There are several other visibility orders that would justify the indicated return values.

## A.2 Enforcing Basic Ordering

Table 5 shows that the reorderings of the previous example can be eliminated with load-acquires and store-releases.

#### Table 5. Acquire and Release Semantics Order Itanium<sup>®</sup> Architecture Memory Operations

|     | р      |         |     |        | q        |
|-----|--------|---------|-----|--------|----------|
| US: | st     | [x] = 1 | LA: | ld.acq | r1 = [y] |
| SR: | st.rel | [y] = 1 | UL: | ld     | r2 = [x] |

This execution has the following program order relations: US>SR and LA>UL. In addition, WrVal(US)=WrVal(SR)=1. There are no data-flow relations.

We wish to prove that, if InitVal(x)=InitVal(y)=0, the Itanium processor family memory ordering model does not allow the return values of r1=1 and r2=0. That is, it does not allow RdVal(LA)=1 and RdVal(UL)=0.

Assume that the execution with the indicated read values is allowed by the Itanium processor family memory ordering model. The rules given in Section 3.3 imply the following orderings:

- Consider  $RV_q(US)$  and  $RV_q(SR)$ . Since  $US \gg SR$ , program-order rule (REL) implies  $RV_q(US) \rightarrow RV_q(SR)$ .
- Consider R(LA). Because q does not write to y, LA is not local for y and read-value rule (RV1) does not apply. Because RdVal(LA)=1≠InitVal(x), read-value rule (RV3) does not apply. This means that LA must follow the remote visibility (to q) of some write to y. The only choice is SR, so  $RV_q(SR) \rightarrow R(LA)$ .
- Consider R(UL).
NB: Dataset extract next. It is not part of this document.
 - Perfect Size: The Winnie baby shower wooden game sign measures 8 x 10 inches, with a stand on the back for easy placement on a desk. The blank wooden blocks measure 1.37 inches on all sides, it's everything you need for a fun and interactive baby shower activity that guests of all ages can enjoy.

Because LA»UL, program-order rule (ACQ) implies  $R(LA) \rightarrow R(UL)$ .
- Consider RdVal(UL). Because q does not write to x, UL is not local for x and read-value rule (RV1) cannot apply. From the items above, we have  $RV_q(US) \rightarrow RV_q(SR) \rightarrow R(LA) \rightarrow R(UL)$ . Because  $\rightarrow$  is transitive,  $RV_q(US) \rightarrow R(UL)$ . Finally, since Rng(US)=Rng(UL), read-value rule (RV2) must apply to UL. Since US is the only write to x, (RV2) implies RdVal(UL)=WrVal(US)=1. This contradicts the assumption RdVal(UL)=0, and we conclude that the execution is not allowed by the Itanium processor family memory ordering model.
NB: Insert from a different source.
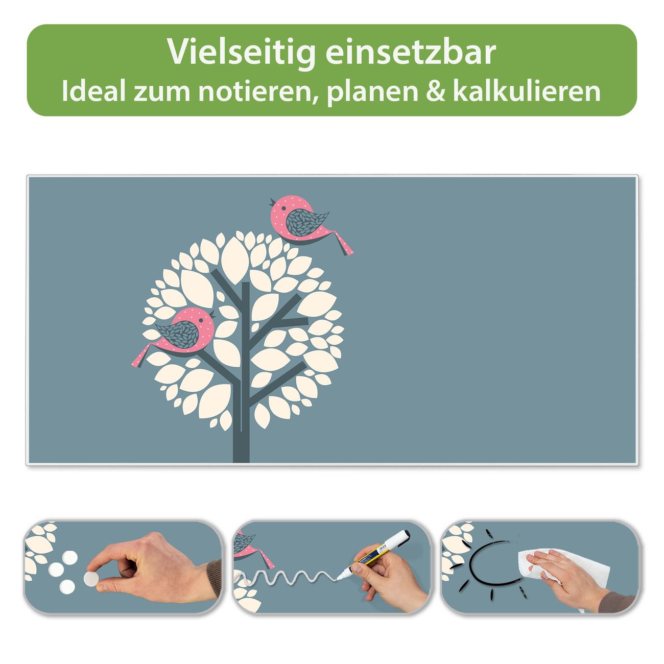 Metall Magnettafel beschreibbar 78x37cm Motiv Zwei Rosa Vögel

## A.3 Allow Loads to Pass Stores to Different Locations

Table 6 illustrates that even load-acquires and store-releases can be reordered in some cases.

#### Table 6. Loads May Pass Stores to Different Locations

|                   | р      |          |  |                   |        | q        |
|-------------------|--------|----------|--|-------------------|--------|----------|
| SR <sub>1</sub> : | st.rel | [x] = 1  |  | SR <sub>2</sub> : | st.rel | [y] = 1  |
| LA <sub>1</sub> : | ld.acq | r1 = [y] |  | LA <sub>2</sub> : | ld.acq | r2 = [x] |

This execution has the following program order relations:  $SR_1 \gg LA_1$  and  $SR_2 \gg LA_2$ . In addition,  $WrVal(SR_1) = WrVal(SR_2) = 1$ . There are no data-flow relations.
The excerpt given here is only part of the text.